In an interview, Burgess called writer George Steiner “the biggest bloody fool who ever lived” for being “so foolish as to wonder why Nazis, why a concentration camp officer could listen to Schubert and at the same time send Jews to the gas.” There are, Burgess says, “two different kinds of good”: the aesthetic and the ethical, and, as he demonstrates with the character of Alex in Part One, these two kinds of goodness don’t necessarily correlate with one another. Alex loves doing cruel things to people, and Alex loves listening to Beethoven. Though this situation may instinctually feel counterintuitive to us, there’s no logical reason why these two predilections should conflict with one another. On the contrary, as we see, Alex thinks they go together perfectly—he likes very much to lie on his bed, listening to Mozart and fantasizing about beating and raping people. It makes sense, then, that Alex would give Dim a great big punch in the mouth for being disrespectful toward a beloved opera. This incident, which sows the seeds of a rebellion against autocratic Alex, does again illustrate Alex’s strange fastidiousness: he’s violent, but he abhors vulgarity.

The bit of opera that the woman sings foreshadows Alex’s misery later on in the book. The name of the fictional composer is Gitterfenster, which is German for “barred window,” pointing toward Alex’s coming imprisonment, and the bit of an aria that she sings—“it was the bit where she’s snuffing it with her throat cut, and the slovos [words] are ‘Better like this maybe’”—points toward Alex’s suicide attempt in Part Three Chapter 5, when, in the little apartment he decides he has “to do [himself] in, to snuff it.” Another bit of foreshadowing of the suicide attempt comes at the end of this chapter, when he’s lying in bed listening to some music, thinking about rape, and he actually ejaculates with the bliss of it: “when the music...rose to the top of its big highest tower, then, lying on my bed with glazzies [eyes] tight shut and rookers [hands] behind my gulliver [head], I broke and spattered and cried aaaaaaah.” The way in which this is described very closely echoes his attempted suicide in Part Three, Chapter 5, when he goes over to the window, high up in a big apartment tower, climbs “on to the sill, the music blasting away to my left, and I shut my glazzies and felt the cold wind on my litso [face], then I jumped” and spattered on the pavement below.
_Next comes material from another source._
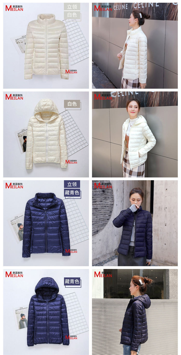 여성용 다운 재킷 2025 신상품 짧은 스타일 가볍고 두꺼운 보온 슬림핏 한국 스타일 화이트 덕다운 패션 재킷 도매스토어 가기
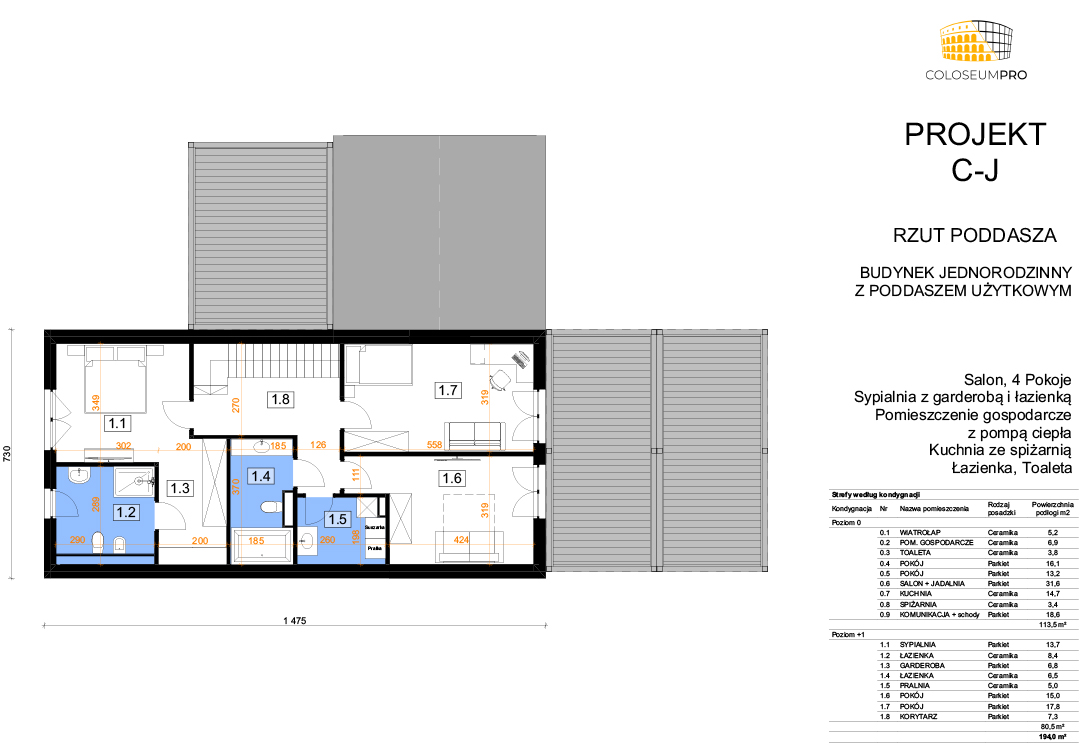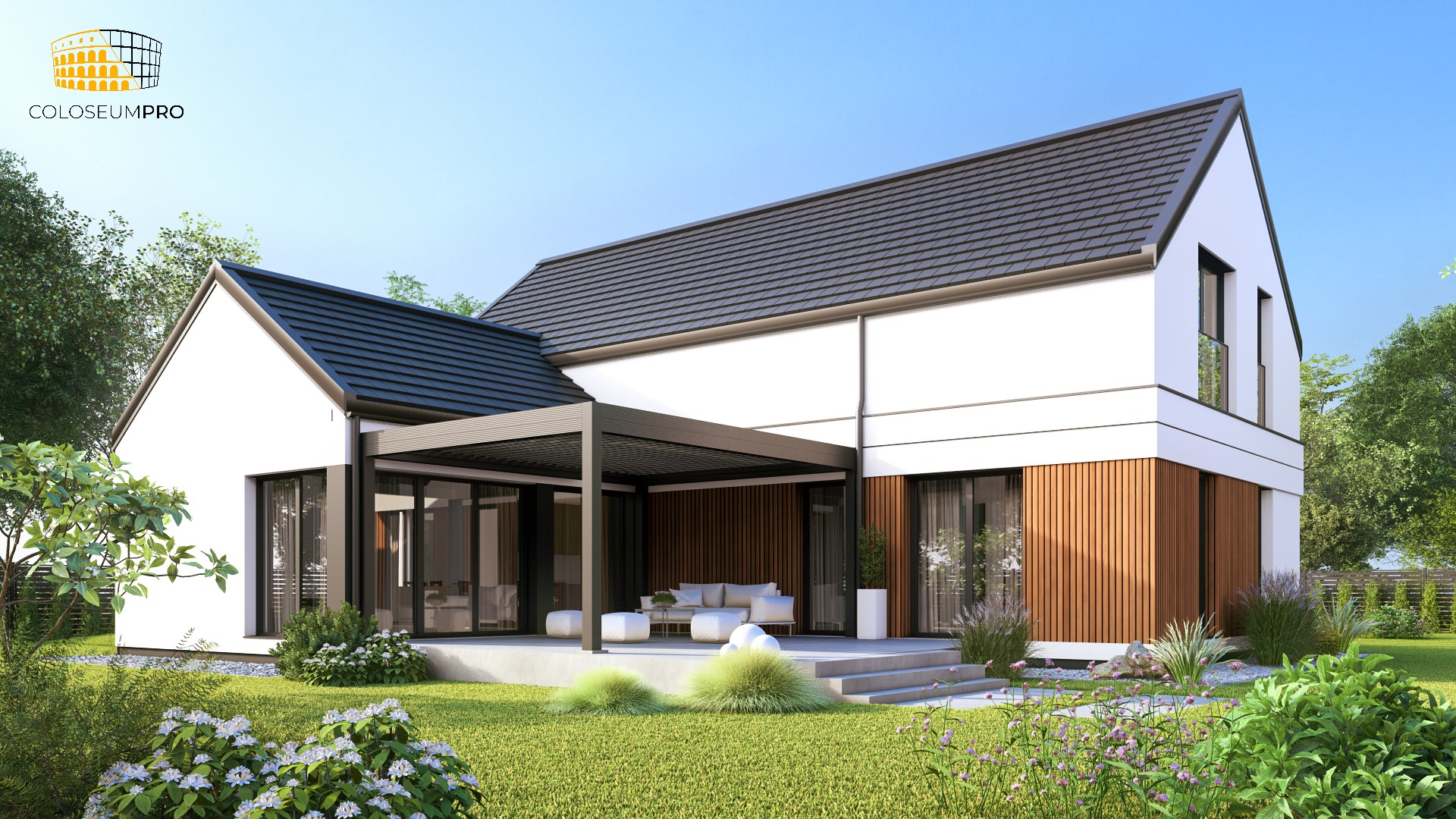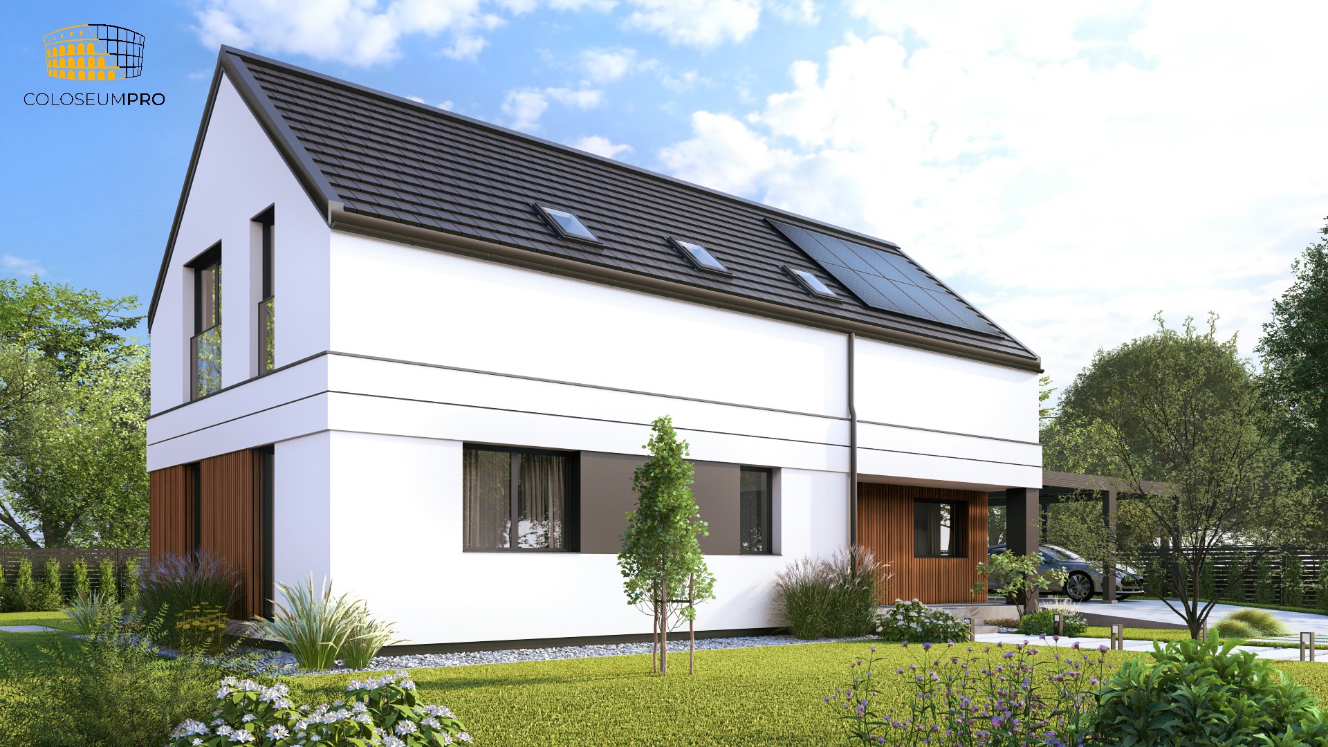 Projekt C-J to kompaktowy i nowoczesny dom z użytkowym poddaszem, zaprojektowany z myślą o funkcjonalności i wygodzie codziennego życia. Przemyślany układ pomieszczeń pozwala na wyraźne oddzielenie strefy dziennej od prywatnej, co sprzyja komfortowi domowników. Projekt idealnie sprawdzi się zarówno dla rodzin 2+2, jak i większych, zapewniając każdemu z domowników wygodę i prywatność. Prosta, elegancka forma budynku w połączeniu z energooszczędnymi rozwiązaniami sprawia, że jest to propozycja nie tylko estetyczna, ale i praktyczna. Projekt C-J doskonale wpasowuje się w różnorodne typy działek, stanowiąc idealny wybór dla osób poszukujących nowoczesnego, wygodnego i ekonomicznego domu.

Burgess further emphasizes the communist mentality of this society with the description of the mural in the hall of Alex’s apartment building. Alex tells us about “the good old municipal painting on the walls—vecks [men] and ptitsas [women] very well developed, stern in the dignity of labor, at workbench and machine with not one stitch of platties [clothing] on their well-developed plotts [bodies].” What he is describing here sounds just like a piece of Socialist Realism, the official style of art in the U.S.S.R., which most typically consisted of extremely earnest depictions of healthy, idealized workers. Alex describes further how some of the kids in the apartment building have vandalized the mural, drawing speech bubbles with dirty words coming out of the mouths of these dignified laborers. The relation between the ugly graffiti and the earnest mural is the same as the relation between the hooligans and the state; the graffiti and the hooligans are certainly nasty but, in some way, less threatening than the idea of an official and bureaucratic art or the specter of the totalitarian state. There is something human about the graffiti—it represents the work of independent individuals, however filthy-minded, and not the product of an administrative decree. While Burgess remains highly critical of their violence, he does want us to see the thuggish kids as more human and, thus, as a kind of countermeasure against the repressive state of A Clockwork Orange.